How long does it take to remind investors that stocks don't go up indefinitely? A week (or less).
Catching some traders off guard despite some impressive earnings reports, the S&P 500 lost 3.5% of its value last week. It remains to be seen if this is the beginning of a long-overdue correction. It's worth noting, however, that this is what the beginning of a more serious correction would look like... a sharp selloff for no particular reason right after what looks like an accelerated buy-in, also for no particular reason. The likelihood of rising interest rates got the blame, but that looks and feels like a flimsy excuse.

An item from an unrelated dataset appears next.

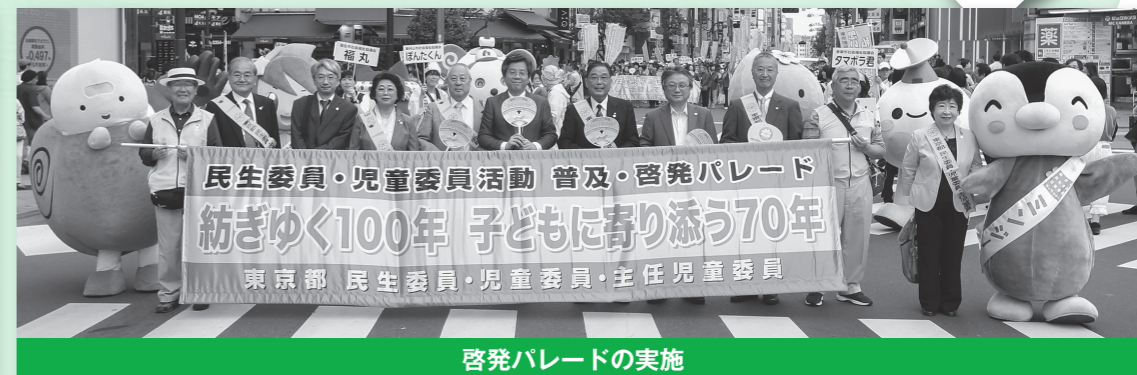
啓発パレードの実施

OK, there's political factors at work here as well. That's nothing new though, and for the first time in a long time traders are legitimately starting to doubt the upside and actually expect downside.

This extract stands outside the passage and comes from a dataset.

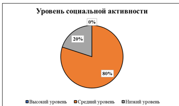
Рис. : Уровень социальной активности
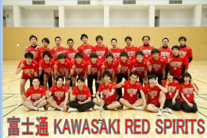
富士通 KAWASAKI RED SPIRITS

Maybe it was just a bad week, or maybe it was more. We'll weight it all after a run-down of last week's and this week's economic news.
Last week was, to put it mildly, amazingly busy. We'll only be able to look at the highlights. In the most logical order (which is anything but in order of appearance)...
It should come as no real surprise that consumers are feeling good right now. The stock market is still buzzing from the record highs it recently hit, and jobs are plentiful -- and good paying. Still, in that confidence inspires consumerism which in turn inspires more confidence, near-multi-year highs from the Conference Board's and the University of Michigan's sentiment scores put a big exclamation point on the current environment.
We cautioned traders a week ago that the post-hurricane surge that was driving the sale of new vehicles was abating. We got more evidence of that idea on Thursday. January's truck and passenger car sales once again peeled back.
Last week's show-stopper, of course, was Friday's employment report. Though the unemployment rate didn't budge from 4.1%, the 200,000 new jobs created last month was better than the expected 180,000. Better yet, though it's not shown on our chart, wages grew the expected 0.3%.
Everything else is on the grid, or plotted on the preview charts below.
This week is going to be quite light in terms of quantity of economic data in the queue. But, we're going to be hearing a couple pieces of information that round out some of the data we heard last week. Namely, look for the ISM Services Index score on Monday, following last week's ISM Manufacturing Index reading. The former was down just a hair from December's 59.3, falling to 59.1. The latter is expected to rise from 55.9 to 56.7. Either way, each remains above the critical 50 level.
We're also going to hear about crude oil inventory levels, which for the first time in weeks actually increased a week earlier. It was only a 6.8 million barrel rise, so it's hardly a game-changer. It looks more like a leveling off of an imbalance. Even if it levels off at present levels though, that's still a smaller stockpile than the average we've seen for the past couple of years.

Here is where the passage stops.